Work request: Repeat nothing but the lines below running from the one containing "ブラウンジャケット×ダークインディゴデニムの落ち着いたスタイリング。" to the one containing "这是祖先遗产v1.0-v51". Keep both end lines.

══ Task inputs

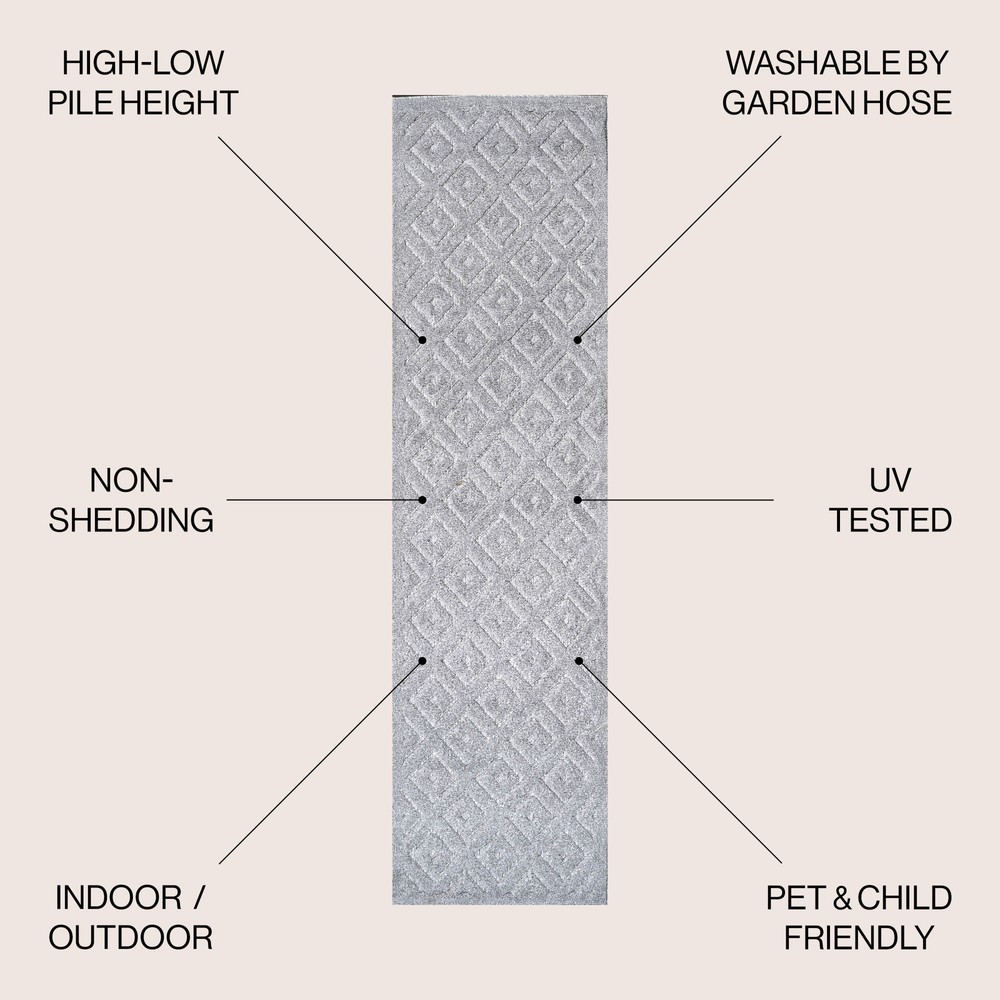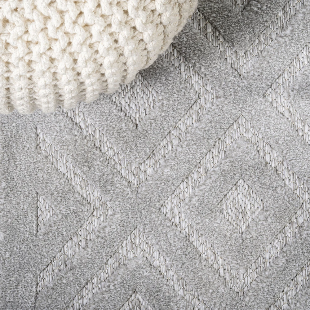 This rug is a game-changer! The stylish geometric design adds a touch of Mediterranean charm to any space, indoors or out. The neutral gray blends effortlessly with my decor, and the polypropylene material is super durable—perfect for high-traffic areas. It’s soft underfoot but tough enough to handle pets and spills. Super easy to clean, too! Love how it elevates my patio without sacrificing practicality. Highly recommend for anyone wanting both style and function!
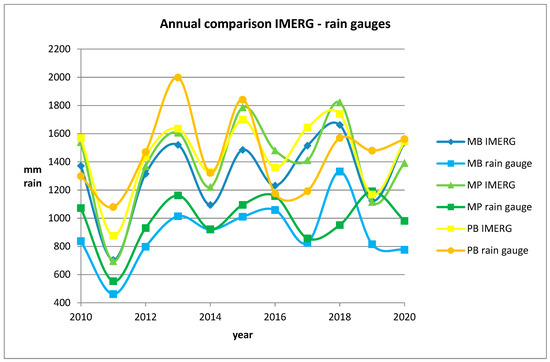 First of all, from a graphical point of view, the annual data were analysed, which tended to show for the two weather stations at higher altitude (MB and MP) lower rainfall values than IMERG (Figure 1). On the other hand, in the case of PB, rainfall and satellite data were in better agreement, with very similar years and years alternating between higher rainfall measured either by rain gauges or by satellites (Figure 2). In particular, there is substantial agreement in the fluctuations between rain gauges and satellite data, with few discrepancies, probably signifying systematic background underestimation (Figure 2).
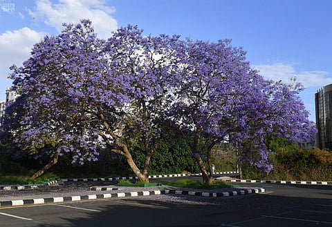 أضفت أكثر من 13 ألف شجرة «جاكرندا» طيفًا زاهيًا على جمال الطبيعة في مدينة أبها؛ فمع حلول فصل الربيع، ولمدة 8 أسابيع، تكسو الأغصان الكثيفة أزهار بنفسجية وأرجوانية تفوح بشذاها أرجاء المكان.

════
══ Task inputs

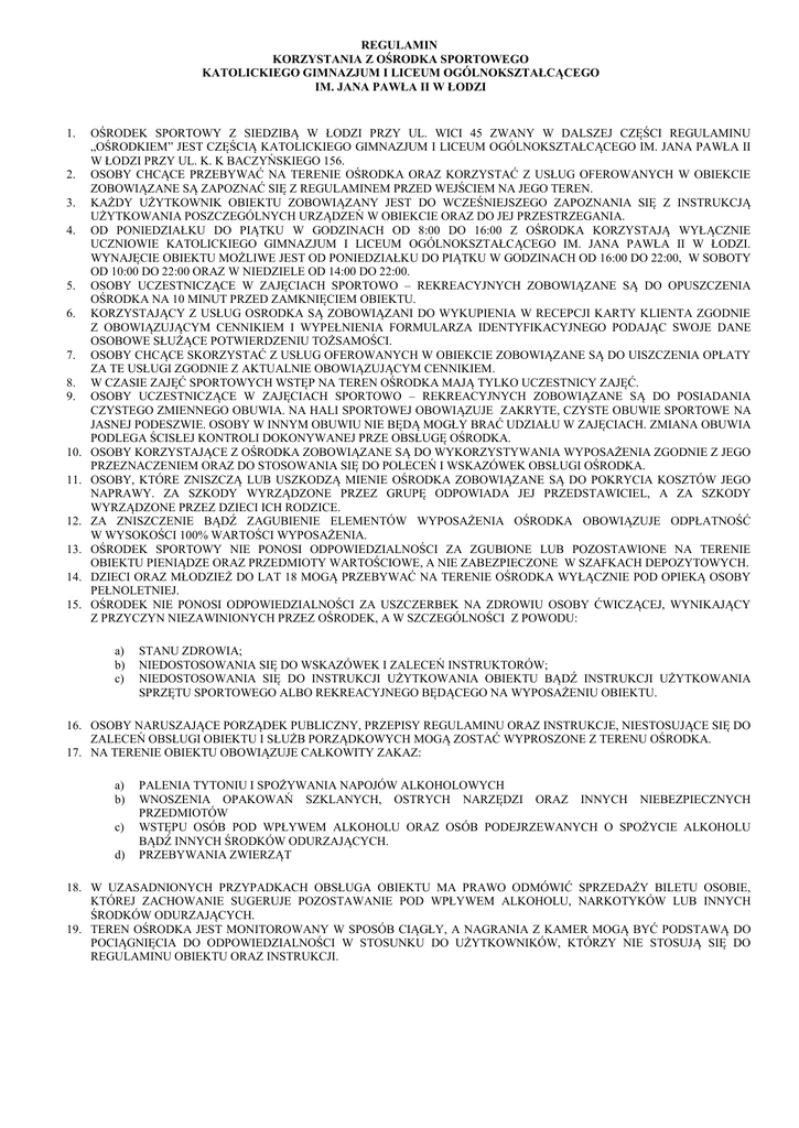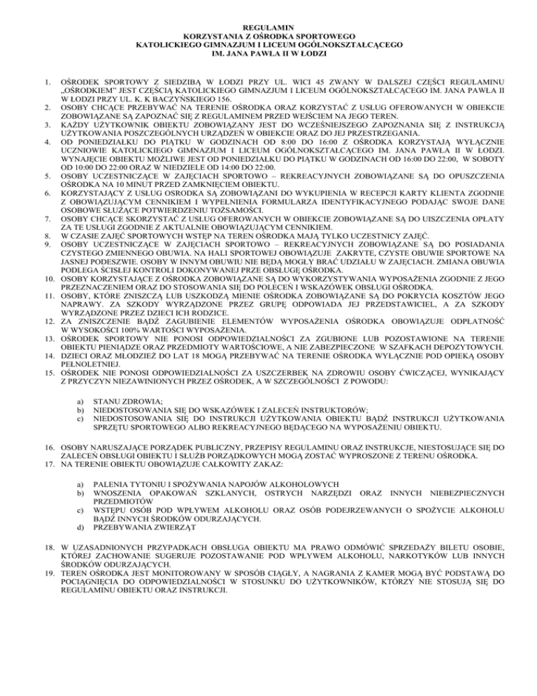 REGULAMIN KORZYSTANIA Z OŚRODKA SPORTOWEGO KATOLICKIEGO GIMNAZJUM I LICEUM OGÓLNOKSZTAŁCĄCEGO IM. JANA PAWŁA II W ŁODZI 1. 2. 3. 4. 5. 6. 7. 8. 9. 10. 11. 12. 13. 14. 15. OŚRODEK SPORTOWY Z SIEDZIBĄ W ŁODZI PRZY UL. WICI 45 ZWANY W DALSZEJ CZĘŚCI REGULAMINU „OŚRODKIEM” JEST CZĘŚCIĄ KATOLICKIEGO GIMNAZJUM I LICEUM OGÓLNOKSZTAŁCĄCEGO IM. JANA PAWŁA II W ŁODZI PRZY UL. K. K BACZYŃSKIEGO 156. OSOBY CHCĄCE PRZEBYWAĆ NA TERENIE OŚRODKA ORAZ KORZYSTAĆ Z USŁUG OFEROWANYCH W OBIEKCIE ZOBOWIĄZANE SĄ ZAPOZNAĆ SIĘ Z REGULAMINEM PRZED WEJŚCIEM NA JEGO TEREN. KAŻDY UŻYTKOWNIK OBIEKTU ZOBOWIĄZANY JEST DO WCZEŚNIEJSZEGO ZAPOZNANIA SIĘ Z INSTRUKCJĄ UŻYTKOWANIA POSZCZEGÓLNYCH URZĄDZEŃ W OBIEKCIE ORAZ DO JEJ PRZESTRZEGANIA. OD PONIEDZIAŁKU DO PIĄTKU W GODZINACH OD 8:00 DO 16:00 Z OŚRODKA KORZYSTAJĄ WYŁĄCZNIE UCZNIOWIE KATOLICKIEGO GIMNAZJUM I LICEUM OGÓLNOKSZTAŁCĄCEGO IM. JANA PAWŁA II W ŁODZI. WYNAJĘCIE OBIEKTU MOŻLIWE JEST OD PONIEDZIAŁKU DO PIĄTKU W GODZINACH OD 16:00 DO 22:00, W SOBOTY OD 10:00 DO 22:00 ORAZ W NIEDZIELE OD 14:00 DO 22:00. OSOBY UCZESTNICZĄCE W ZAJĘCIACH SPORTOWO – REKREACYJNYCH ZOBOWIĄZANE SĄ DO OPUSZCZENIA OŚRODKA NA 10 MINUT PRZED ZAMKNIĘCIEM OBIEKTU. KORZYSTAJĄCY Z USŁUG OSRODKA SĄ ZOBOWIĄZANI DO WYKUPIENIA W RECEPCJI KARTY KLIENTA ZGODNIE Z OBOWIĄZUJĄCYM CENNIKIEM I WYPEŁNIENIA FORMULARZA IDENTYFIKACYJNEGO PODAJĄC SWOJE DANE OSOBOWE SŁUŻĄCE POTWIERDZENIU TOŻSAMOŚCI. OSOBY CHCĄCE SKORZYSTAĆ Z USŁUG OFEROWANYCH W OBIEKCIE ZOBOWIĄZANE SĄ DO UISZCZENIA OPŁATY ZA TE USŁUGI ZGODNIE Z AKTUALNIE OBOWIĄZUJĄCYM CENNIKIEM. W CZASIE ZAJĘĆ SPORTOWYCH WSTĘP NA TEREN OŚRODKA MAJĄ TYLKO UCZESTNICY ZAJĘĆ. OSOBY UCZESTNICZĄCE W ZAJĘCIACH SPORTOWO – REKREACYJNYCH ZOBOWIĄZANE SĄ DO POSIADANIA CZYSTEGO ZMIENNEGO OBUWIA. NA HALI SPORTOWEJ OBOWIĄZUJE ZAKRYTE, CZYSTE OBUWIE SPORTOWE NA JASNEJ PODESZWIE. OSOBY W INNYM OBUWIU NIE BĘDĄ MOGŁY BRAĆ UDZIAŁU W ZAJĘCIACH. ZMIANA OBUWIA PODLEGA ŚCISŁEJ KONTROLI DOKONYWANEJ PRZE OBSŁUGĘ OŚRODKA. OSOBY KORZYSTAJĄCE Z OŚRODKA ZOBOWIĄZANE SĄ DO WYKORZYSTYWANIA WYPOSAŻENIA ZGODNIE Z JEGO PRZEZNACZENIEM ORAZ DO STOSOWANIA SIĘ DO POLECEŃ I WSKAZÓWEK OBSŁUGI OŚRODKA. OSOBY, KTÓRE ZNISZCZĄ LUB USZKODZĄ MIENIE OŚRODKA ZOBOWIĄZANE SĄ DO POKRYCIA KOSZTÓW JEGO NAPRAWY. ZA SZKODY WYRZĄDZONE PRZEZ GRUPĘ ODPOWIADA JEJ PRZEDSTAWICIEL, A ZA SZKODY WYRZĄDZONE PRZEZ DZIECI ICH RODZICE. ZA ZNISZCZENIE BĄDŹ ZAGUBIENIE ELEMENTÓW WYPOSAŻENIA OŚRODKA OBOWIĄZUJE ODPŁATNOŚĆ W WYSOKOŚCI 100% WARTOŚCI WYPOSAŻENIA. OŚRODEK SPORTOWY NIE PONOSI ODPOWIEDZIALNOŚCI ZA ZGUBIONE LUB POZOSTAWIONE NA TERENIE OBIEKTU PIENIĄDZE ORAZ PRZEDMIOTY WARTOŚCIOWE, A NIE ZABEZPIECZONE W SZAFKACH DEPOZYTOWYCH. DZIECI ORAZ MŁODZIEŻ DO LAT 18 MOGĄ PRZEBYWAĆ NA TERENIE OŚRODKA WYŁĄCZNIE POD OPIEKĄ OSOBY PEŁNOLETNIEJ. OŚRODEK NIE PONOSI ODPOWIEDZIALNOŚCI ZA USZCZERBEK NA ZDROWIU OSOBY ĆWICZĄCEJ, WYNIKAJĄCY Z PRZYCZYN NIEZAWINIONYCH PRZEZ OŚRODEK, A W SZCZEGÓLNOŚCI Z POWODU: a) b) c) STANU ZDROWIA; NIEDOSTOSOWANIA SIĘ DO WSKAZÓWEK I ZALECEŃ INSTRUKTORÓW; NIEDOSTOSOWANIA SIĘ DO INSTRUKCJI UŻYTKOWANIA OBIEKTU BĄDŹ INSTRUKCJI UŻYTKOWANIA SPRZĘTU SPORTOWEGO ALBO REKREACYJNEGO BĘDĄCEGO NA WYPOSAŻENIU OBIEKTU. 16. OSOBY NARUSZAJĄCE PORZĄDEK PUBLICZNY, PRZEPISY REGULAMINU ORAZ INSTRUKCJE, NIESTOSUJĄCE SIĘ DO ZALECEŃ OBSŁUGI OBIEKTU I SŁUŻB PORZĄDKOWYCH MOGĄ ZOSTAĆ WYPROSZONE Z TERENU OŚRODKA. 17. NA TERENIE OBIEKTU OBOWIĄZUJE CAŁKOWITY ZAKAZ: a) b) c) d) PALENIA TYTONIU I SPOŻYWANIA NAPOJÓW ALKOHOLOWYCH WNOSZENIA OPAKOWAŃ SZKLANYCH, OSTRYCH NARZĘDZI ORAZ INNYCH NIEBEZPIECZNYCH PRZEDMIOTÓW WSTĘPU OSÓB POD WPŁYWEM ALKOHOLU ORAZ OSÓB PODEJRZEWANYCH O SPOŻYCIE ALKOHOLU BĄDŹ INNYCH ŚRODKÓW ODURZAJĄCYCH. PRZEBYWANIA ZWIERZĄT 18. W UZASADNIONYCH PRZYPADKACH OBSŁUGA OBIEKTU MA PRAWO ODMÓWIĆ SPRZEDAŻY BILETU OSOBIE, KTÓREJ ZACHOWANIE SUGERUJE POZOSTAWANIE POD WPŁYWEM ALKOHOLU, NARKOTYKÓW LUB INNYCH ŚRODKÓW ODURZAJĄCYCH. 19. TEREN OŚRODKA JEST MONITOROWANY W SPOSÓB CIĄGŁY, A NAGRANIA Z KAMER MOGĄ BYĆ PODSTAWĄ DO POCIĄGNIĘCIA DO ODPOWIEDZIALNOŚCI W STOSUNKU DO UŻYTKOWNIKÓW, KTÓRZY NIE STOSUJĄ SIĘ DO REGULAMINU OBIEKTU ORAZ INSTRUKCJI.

════
══ Task inputs

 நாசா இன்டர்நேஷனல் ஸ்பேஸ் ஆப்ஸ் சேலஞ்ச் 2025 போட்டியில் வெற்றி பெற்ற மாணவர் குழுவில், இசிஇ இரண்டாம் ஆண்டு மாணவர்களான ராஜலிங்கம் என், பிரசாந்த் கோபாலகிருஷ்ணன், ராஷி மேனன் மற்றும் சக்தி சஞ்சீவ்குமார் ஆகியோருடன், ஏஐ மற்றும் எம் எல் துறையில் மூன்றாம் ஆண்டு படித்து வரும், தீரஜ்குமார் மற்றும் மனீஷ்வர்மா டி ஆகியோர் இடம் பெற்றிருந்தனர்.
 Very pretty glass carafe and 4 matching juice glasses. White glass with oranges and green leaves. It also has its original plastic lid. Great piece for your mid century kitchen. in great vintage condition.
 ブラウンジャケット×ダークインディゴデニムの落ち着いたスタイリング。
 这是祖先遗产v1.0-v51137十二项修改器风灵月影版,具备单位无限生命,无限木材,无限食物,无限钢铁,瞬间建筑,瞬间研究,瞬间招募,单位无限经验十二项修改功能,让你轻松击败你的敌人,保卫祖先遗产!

════

Response to the task:
 ブラウンジャケット×ダークインディゴデニムの落ち着いたスタイリング。
 这是祖先遗产v1.0-v51137十二项修改器风灵月影版,具备单位无限生命,无限木材,无限食物,无限钢铁,瞬间建筑,瞬间研究,瞬间招募,单位无限经验十二项修改功能,让你轻松击败你的敌人,保卫祖先遗产!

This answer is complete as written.